The copy has to match the data exactly and leave out every picture.
--- INFORMATION PROVIDED ---
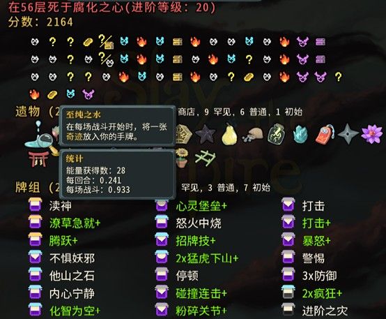 引入 200+ 种遗物,提供永久被动能力(如开局护甲、额外抽牌),部分遗物可改变出牌逻辑。
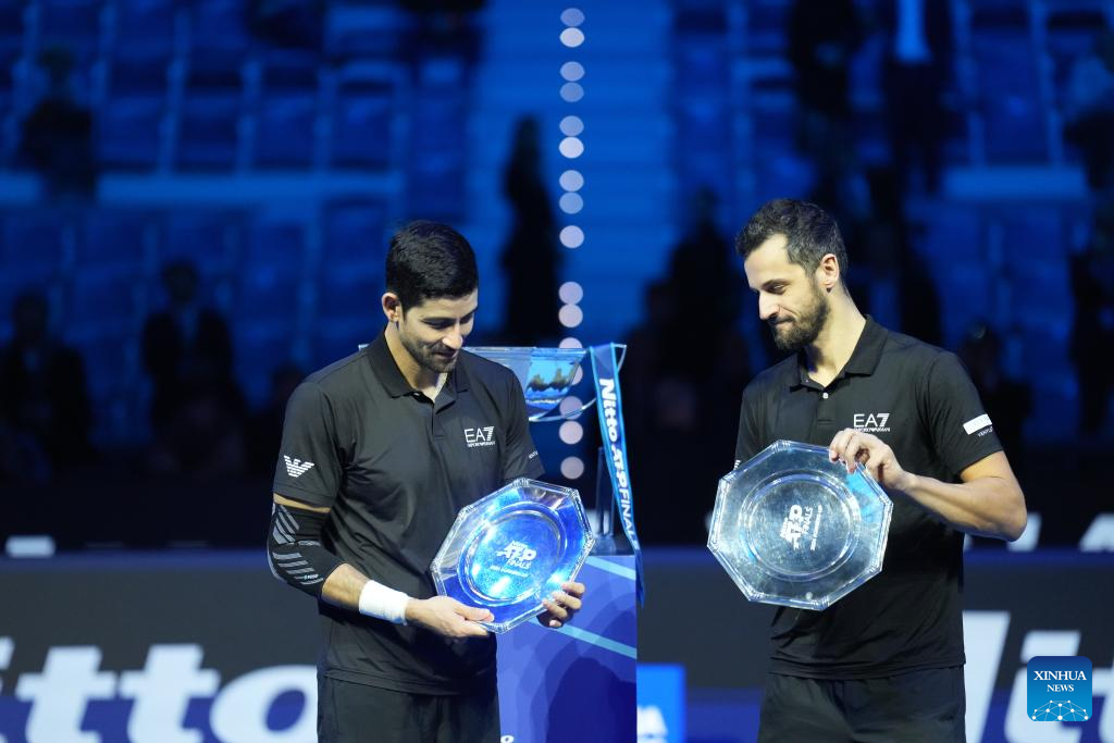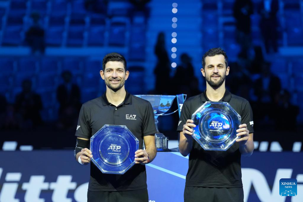 Runners-up Marcelo Arevalo (L)/Mate Pavic pose with their trophies during the awarding ceremony after the men's doubles final match between Kevin Krawietz/Tim Puetz of Germany and Marcelo Arevalo(El Salvador)/Mate Pavic(Croatia) at the Nitto ATP Finals in Turin, Italy, on Nov. 17, 2024. (Xinhua/Li Jing)
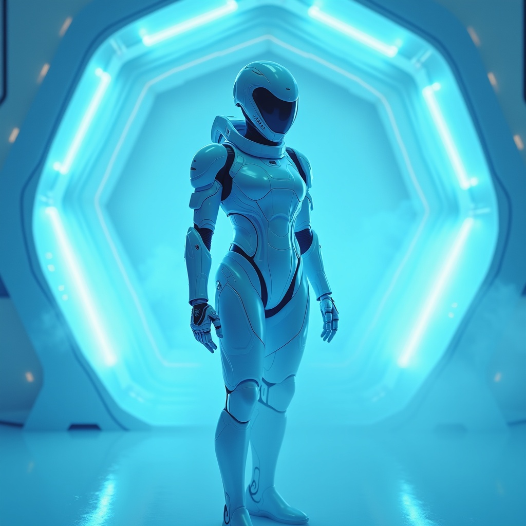 A high-tech female sci-fi military cyborg adorned with sleek white Teflon armor, complete with a highly detailed helmet and intricate mask. Her design radiates a cyberpunk aesthetic with neon blue accents and glowing rays of blue light. She stands in a white technical room adorned with intricate geometric designs, illuminated by a vibrant blue energy beam that casts dynamic reflections. The scene employs advanced 3D rendering with ray tracing, achieving the highest quality and detail typical of a fantasy movie style. Enveloping her in dramatic volume lighting, the environment incorporates elements like Bokeh and Long Exposure effects, in stunning 8K HDR resolution. The setting is enriched by the presence of dynamic geometric shapes like triangles, hexagons, and flexible polyhedrons, all rendered in a mist-enshrouded futuristic ambiance with pulsating plasma energy.
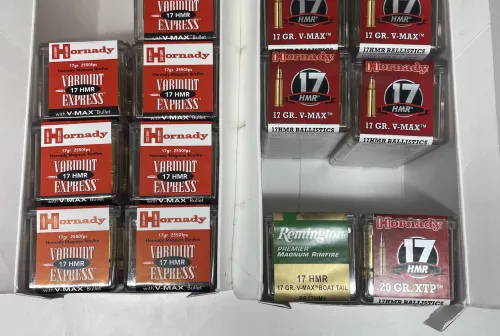 420.00 17 HMR (15 boxes) Mar 9, 2026 - 7:54 AM Huntsman108 15 boxes total of 17 HMR 13 boxes of 17 gr hornady V-Max
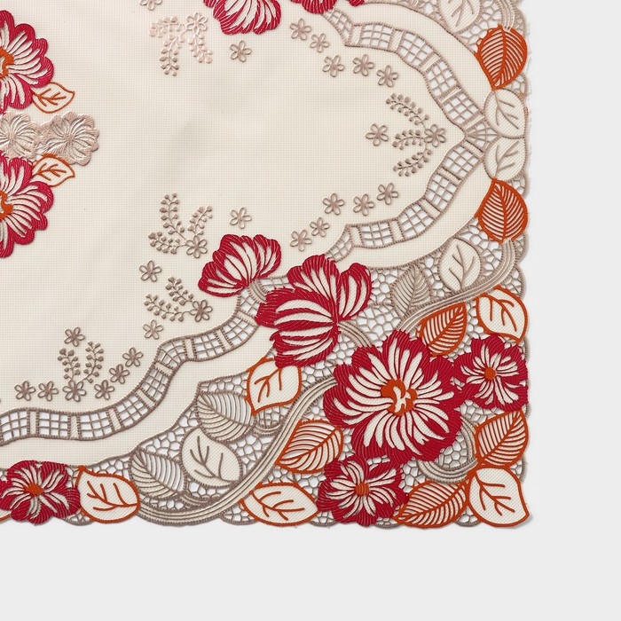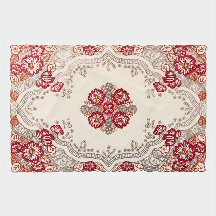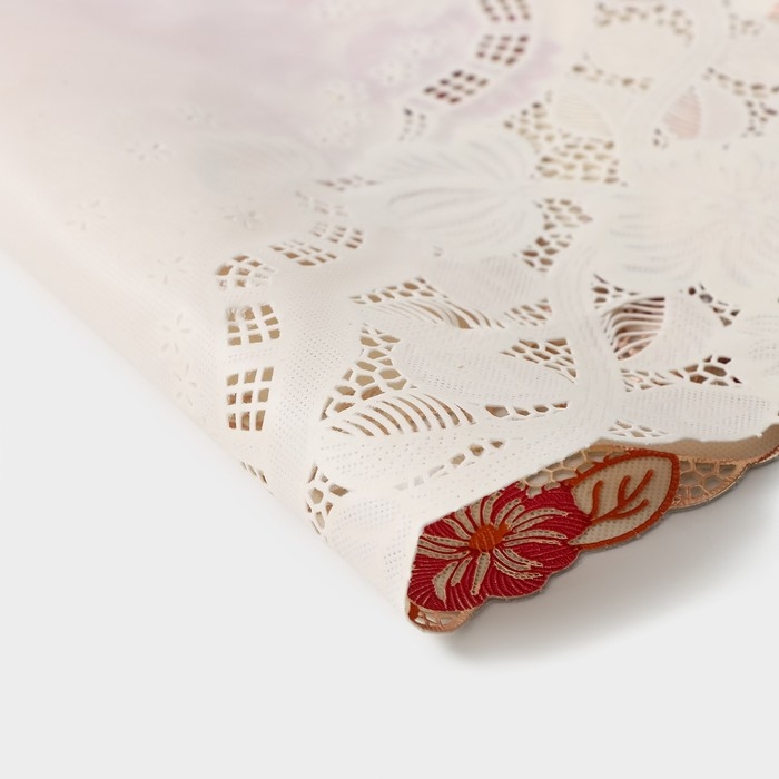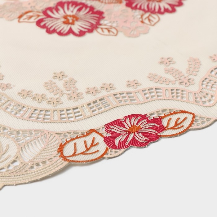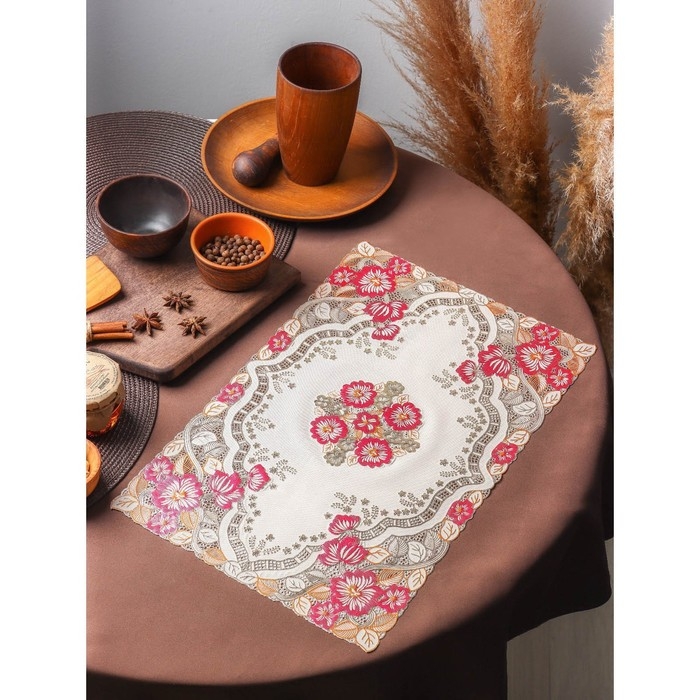 Салфетка сервировочная на стол «Незабудки», ажурная, 45×30 см, цвет металлик розово-оранжевый
---
OUTPUT OF THE EXERCISE:
 引入 200+ 种遗物,提供永久被动能力(如开局护甲、额外抽牌),部分遗物可改变出牌逻辑。
 Runners-up Marcelo Arevalo (L)/Mate Pavic pose with their trophies during the awarding ceremony after the men's doubles final match between Kevin Krawietz/Tim Puetz of Germany and Marcelo Arevalo(El Salvador)/Mate Pavic(Croatia) at the Nitto ATP Finals in Turin, Italy, on Nov. 17, 2024. (Xinhua/Li Jing)
 A high-tech female sci-fi military cyborg adorned with sleek white Teflon armor, complete with a highly detailed helmet and intricate mask. Her design radiates a cyberpunk aesthetic with neon blue accents and glowing rays of blue light. She stands in a white technical room adorned with intricate geometric designs, illuminated by a vibrant blue energy beam that casts dynamic reflections. The scene employs advanced 3D rendering with ray tracing, achieving the highest quality and detail typical of a fantasy movie style. Enveloping her in dramatic volume lighting, the environment incorporates elements like Bokeh and Long Exposure effects, in stunning 8K HDR resolution. The setting is enriched by the presence of dynamic geometric shapes like triangles, hexagons, and flexible polyhedrons, all rendered in a mist-enshrouded futuristic ambiance with pulsating plasma energy.
 420.00 17 HMR (15 boxes) Mar 9, 2026 - 7:54 AM Huntsman108 15 boxes total of 17 HMR 13 boxes of 17 gr hornady V-Max
 Салфетка сервировочная на стол «Незабудки», ажурная, 45×30 см, цвет металлик розово-оранжевый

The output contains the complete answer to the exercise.